» **GOAL OF THE EXERCISE**:
Repeat each entry exactly; omit all pictures.

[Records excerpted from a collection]
****

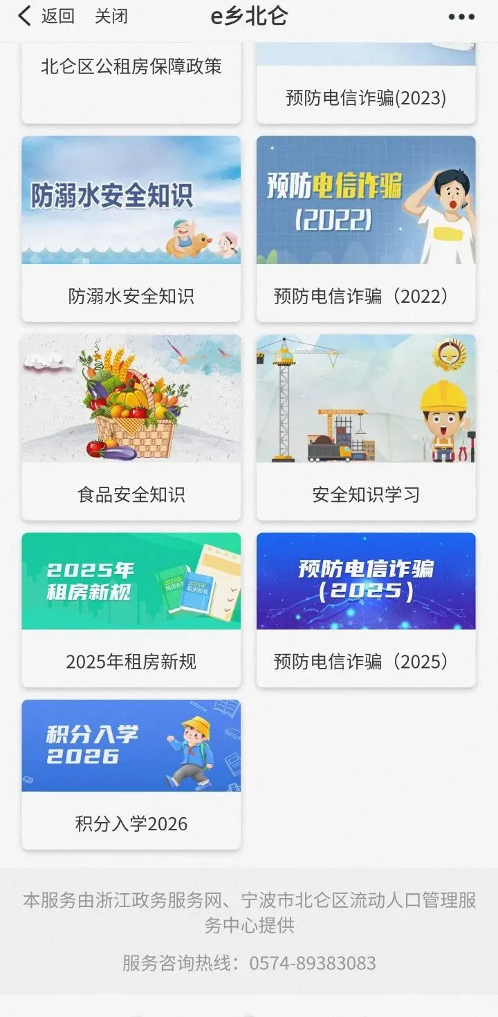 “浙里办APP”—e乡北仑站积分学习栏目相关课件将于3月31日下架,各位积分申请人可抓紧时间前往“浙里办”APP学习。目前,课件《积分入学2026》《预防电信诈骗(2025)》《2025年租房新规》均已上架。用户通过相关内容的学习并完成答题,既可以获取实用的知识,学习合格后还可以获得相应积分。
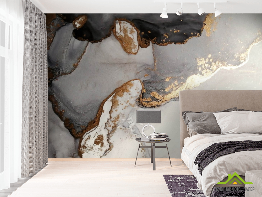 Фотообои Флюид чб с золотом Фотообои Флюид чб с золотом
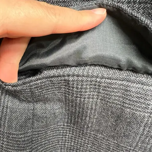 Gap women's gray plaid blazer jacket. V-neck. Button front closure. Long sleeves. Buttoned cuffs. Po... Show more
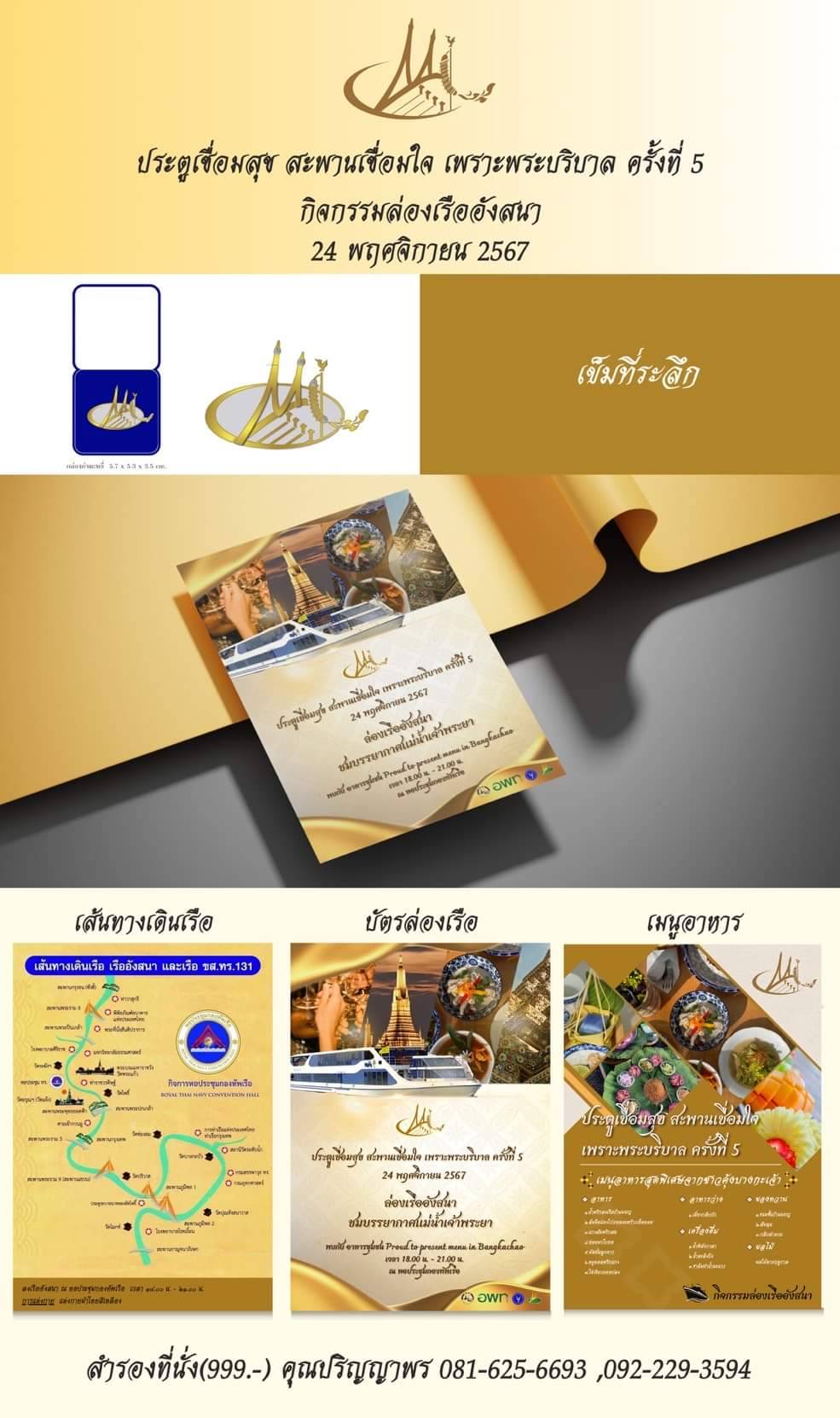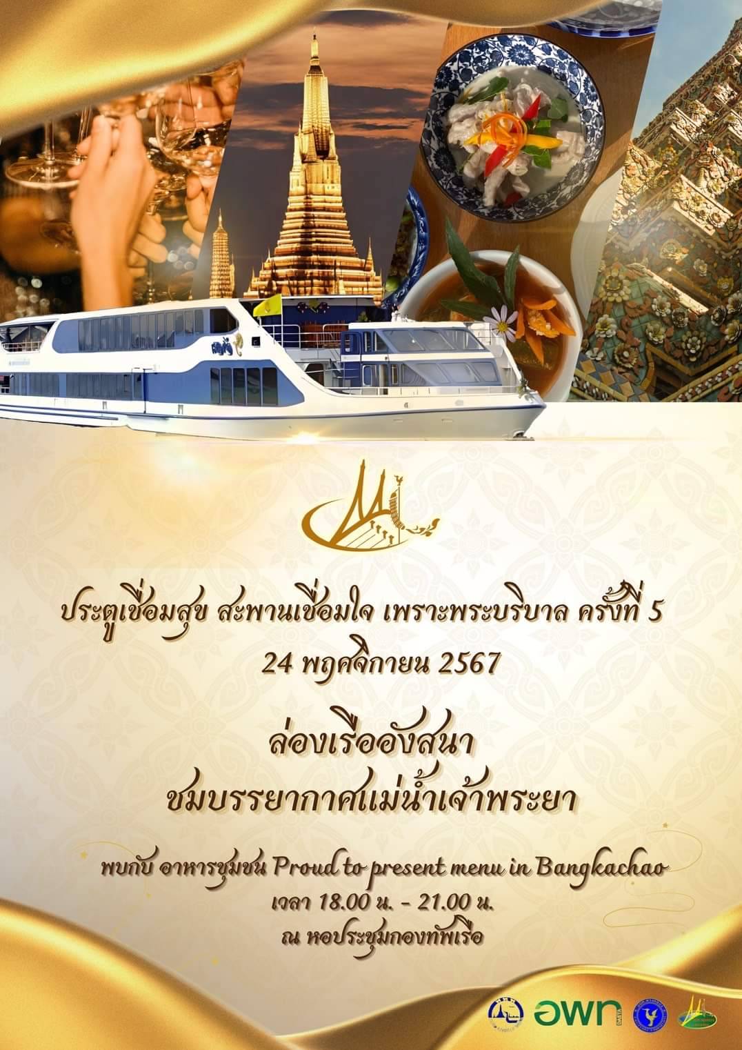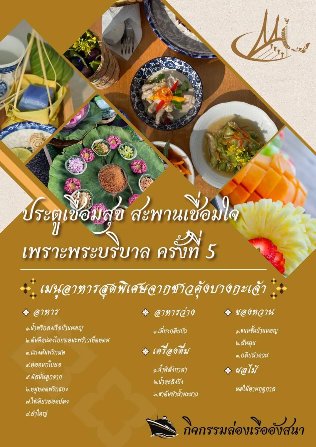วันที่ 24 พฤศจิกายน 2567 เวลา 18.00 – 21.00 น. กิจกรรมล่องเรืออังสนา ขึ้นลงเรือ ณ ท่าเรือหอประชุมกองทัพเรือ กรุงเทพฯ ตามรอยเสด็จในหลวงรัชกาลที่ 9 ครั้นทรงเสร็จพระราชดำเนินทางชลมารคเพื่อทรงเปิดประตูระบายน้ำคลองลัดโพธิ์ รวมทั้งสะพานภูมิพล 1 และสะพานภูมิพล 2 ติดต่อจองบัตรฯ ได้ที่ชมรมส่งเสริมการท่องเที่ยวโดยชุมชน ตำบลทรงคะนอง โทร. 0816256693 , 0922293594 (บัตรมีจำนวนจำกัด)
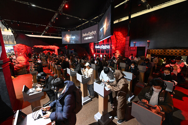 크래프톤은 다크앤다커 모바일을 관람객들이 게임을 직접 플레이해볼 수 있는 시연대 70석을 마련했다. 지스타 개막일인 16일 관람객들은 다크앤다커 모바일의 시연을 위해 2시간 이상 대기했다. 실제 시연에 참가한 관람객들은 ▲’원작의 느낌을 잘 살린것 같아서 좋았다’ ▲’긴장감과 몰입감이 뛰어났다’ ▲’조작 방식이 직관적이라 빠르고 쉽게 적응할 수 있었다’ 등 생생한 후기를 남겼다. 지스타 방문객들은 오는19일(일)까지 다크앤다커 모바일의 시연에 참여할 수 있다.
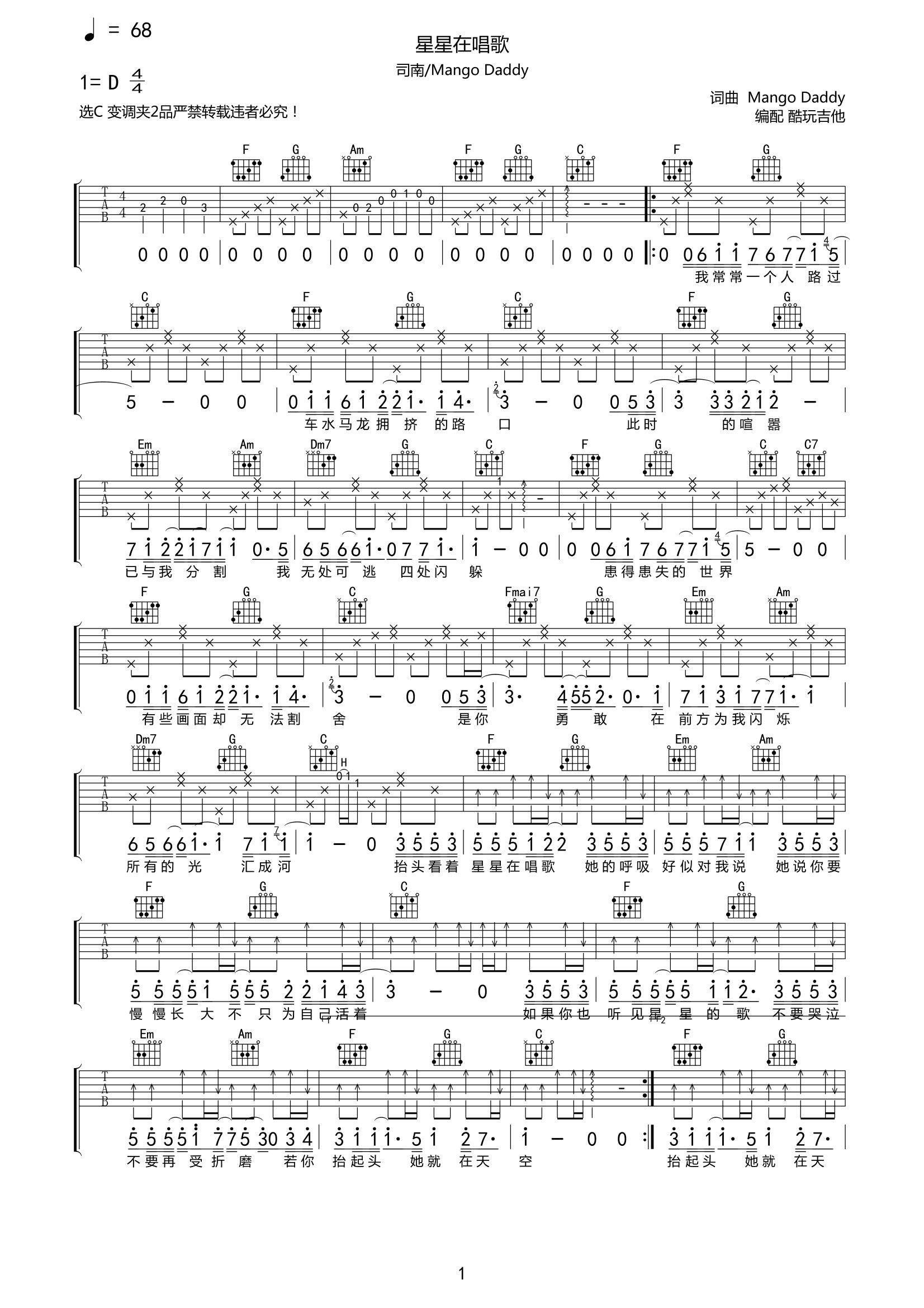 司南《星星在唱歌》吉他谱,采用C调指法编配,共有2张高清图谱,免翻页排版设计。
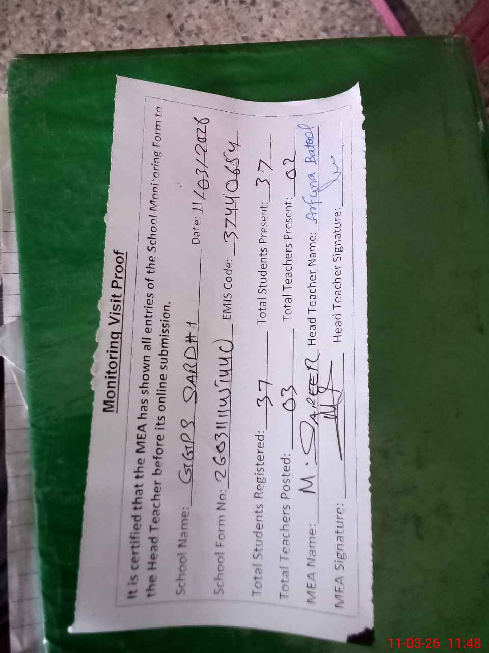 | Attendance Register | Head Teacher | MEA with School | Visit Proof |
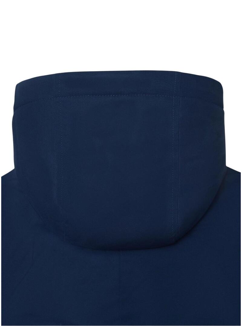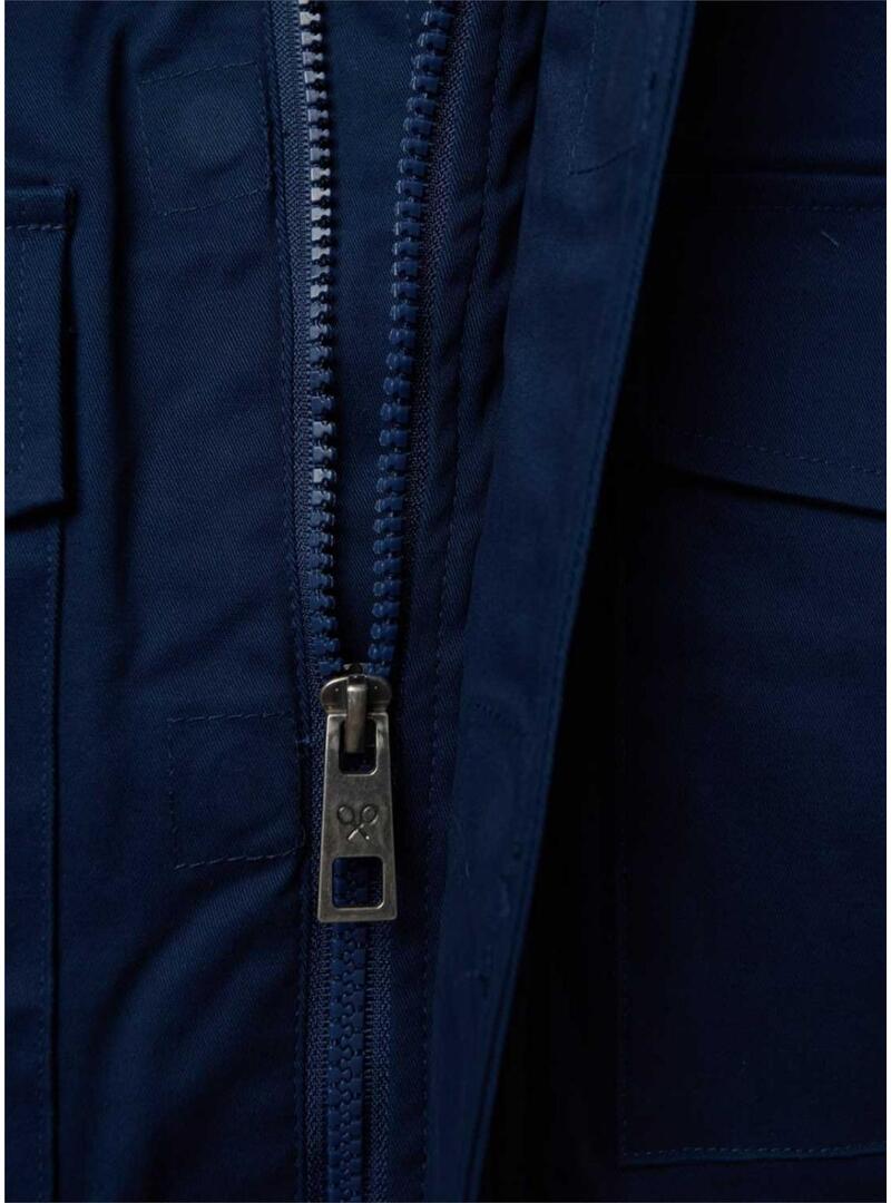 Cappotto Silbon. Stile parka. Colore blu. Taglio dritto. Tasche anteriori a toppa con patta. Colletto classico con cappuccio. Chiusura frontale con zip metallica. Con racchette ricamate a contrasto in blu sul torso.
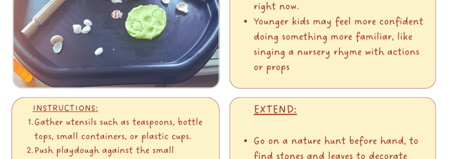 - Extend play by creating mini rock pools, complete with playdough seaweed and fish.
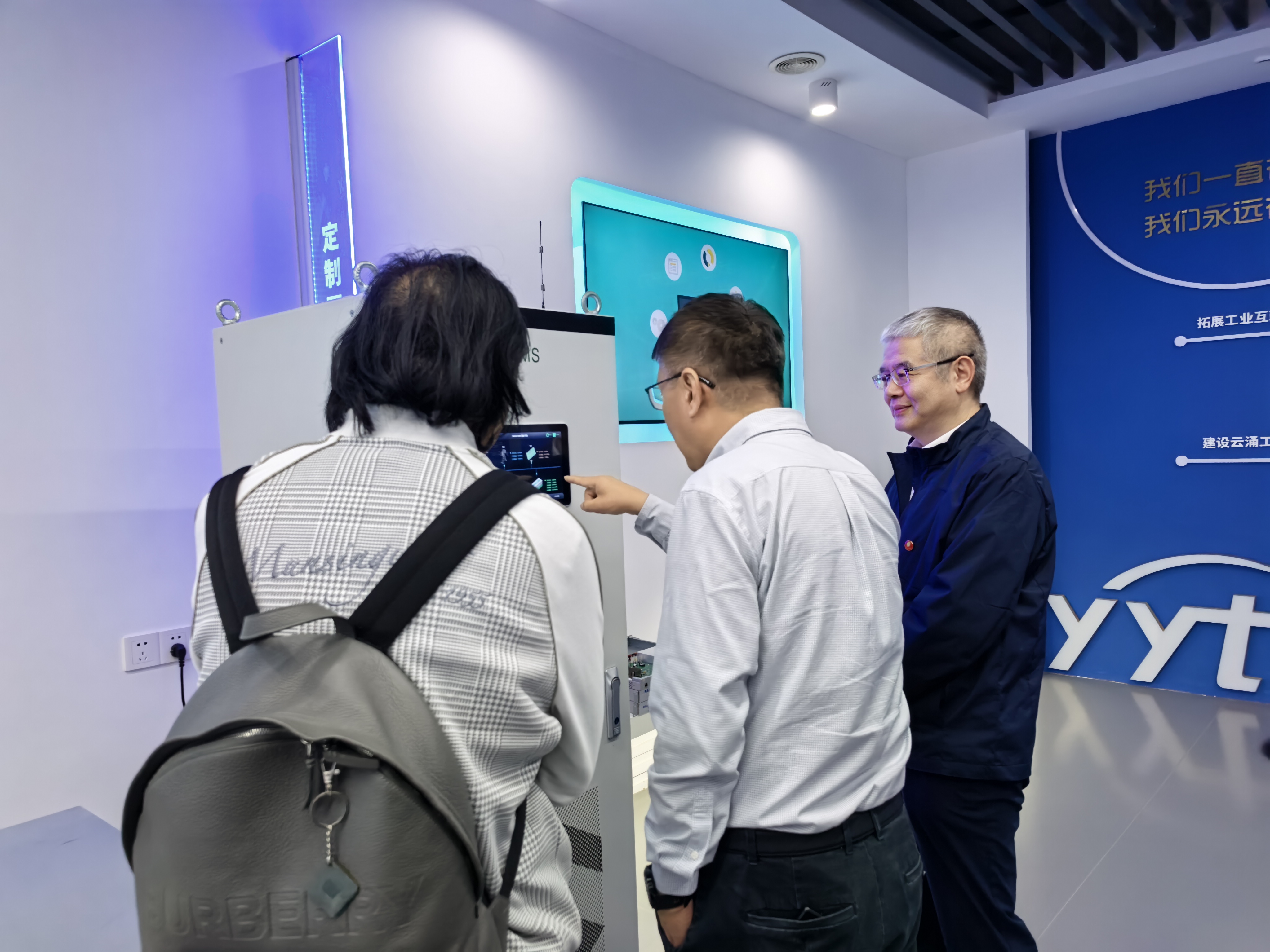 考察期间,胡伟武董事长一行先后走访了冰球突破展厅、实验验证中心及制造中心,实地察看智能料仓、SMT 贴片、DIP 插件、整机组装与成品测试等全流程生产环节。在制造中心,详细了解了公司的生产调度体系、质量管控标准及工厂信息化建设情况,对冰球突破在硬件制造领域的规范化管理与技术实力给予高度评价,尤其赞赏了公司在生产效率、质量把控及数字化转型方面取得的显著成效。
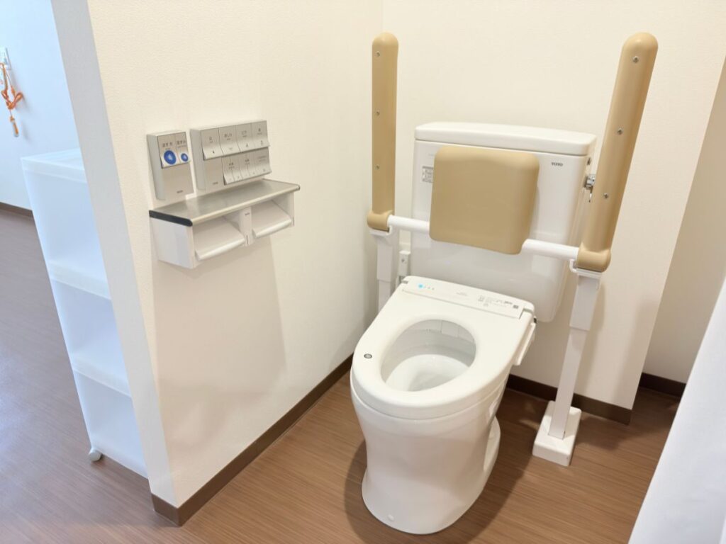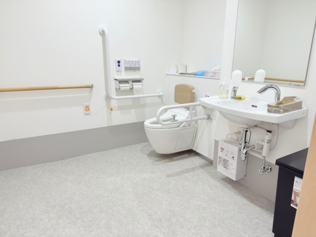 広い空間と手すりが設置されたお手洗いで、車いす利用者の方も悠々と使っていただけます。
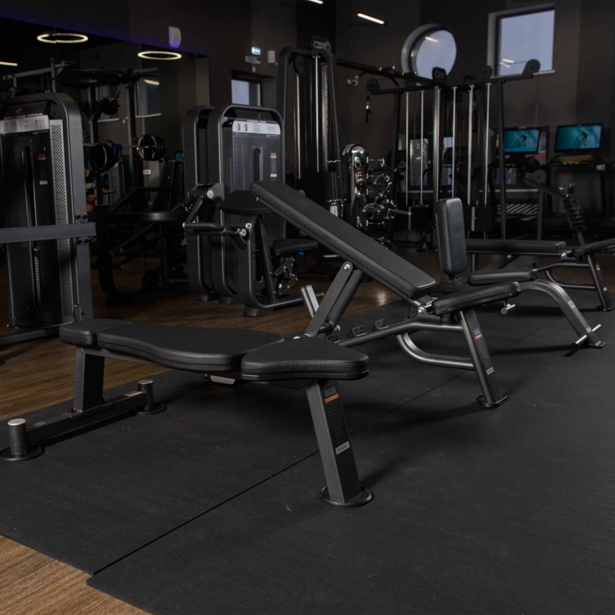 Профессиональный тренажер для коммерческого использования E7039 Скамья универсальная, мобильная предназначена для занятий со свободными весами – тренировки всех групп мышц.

****

» **RESPONSE AREA**:
 “浙里办APP”—e乡北仑站积分学习栏目相关课件将于3月31日下架,各位积分申请人可抓紧时间前往“浙里办”APP学习。目前,课件《积分入学2026》《预防电信诈骗(2025)》《2025年租房新规》均已上架。用户通过相关内容的学习并完成答题,既可以获取实用的知识,学习合格后还可以获得相应积分。
 Фотообои Флюид чб с золотом Фотообои Флюид чб с золотом
 Gap women's gray plaid blazer jacket. V-neck. Button front closure. Long sleeves. Buttoned cuffs. Po... Show more
วันที่ 24 พฤศจิกายน 2567 เวลา 18.00 – 21.00 น. กิจกรรมล่องเรืออังสนา ขึ้นลงเรือ ณ ท่าเรือหอประชุมกองทัพเรือ กรุงเทพฯ ตามรอยเสด็จในหลวงรัชกาลที่ 9 ครั้นทรงเสร็จพระราชดำเนินทางชลมารคเพื่อทรงเปิดประตูระบายน้ำคลองลัดโพธิ์ รวมทั้งสะพานภูมิพล 1 และสะพานภูมิพล 2 ติดต่อจองบัตรฯ ได้ที่ชมรมส่งเสริมการท่องเที่ยวโดยชุมชน ตำบลทรงคะนอง โทร. 0816256693 , 0922293594 (บัตรมีจำนวนจำกัด)
 크래프톤은 다크앤다커 모바일을 관람객들이 게임을 직접 플레이해볼 수 있는 시연대 70석을 마련했다. 지스타 개막일인 16일 관람객들은 다크앤다커 모바일의 시연을 위해 2시간 이상 대기했다. 실제 시연에 참가한 관람객들은 ▲’원작의 느낌을 잘 살린것 같아서 좋았다’ ▲’긴장감과 몰입감이 뛰어났다’ ▲’조작 방식이 직관적이라 빠르고 쉽게 적응할 수 있었다’ 등 생생한 후기를 남겼다. 지스타 방문객들은 오는19일(일)까지 다크앤다커 모바일의 시연에 참여할 수 있다.
 司南《星星在唱歌》吉他谱,采用C调指法编配,共有2张高清图谱,免翻页排版设计。
 | Attendance Register | Head Teacher | MEA with School | Visit Proof |
 Cappotto Silbon. Stile parka. Colore blu. Taglio dritto. Tasche anteriori a toppa con patta. Colletto classico con cappuccio. Chiusura frontale con zip metallica. Con racchette ricamate a contrasto in blu sul torso.
 - Extend play by creating mini rock pools, complete with playdough seaweed and fish.
 考察期间,胡伟武董事长一行先后走访了冰球突破展厅、实验验证中心及制造中心,实地察看智能料仓、SMT 贴片、DIP 插件、整机组装与成品测试等全流程生产环节。在制造中心,详细了解了公司的生产调度体系、质量管控标准及工厂信息化建设情况,对冰球突破在硬件制造领域的规范化管理与技术实力给予高度评价,尤其赞赏了公司在生产效率、质量把控及数字化转型方面取得的显著成效。
 広い空間と手すりが設置されたお手洗いで、車いす利用者の方も悠々と使っていただけます。
 Профессиональный тренажер для коммерческого использования E7039 Скамья универсальная, мобильная предназначена для занятий со свободными весами – тренировки всех групп мышц.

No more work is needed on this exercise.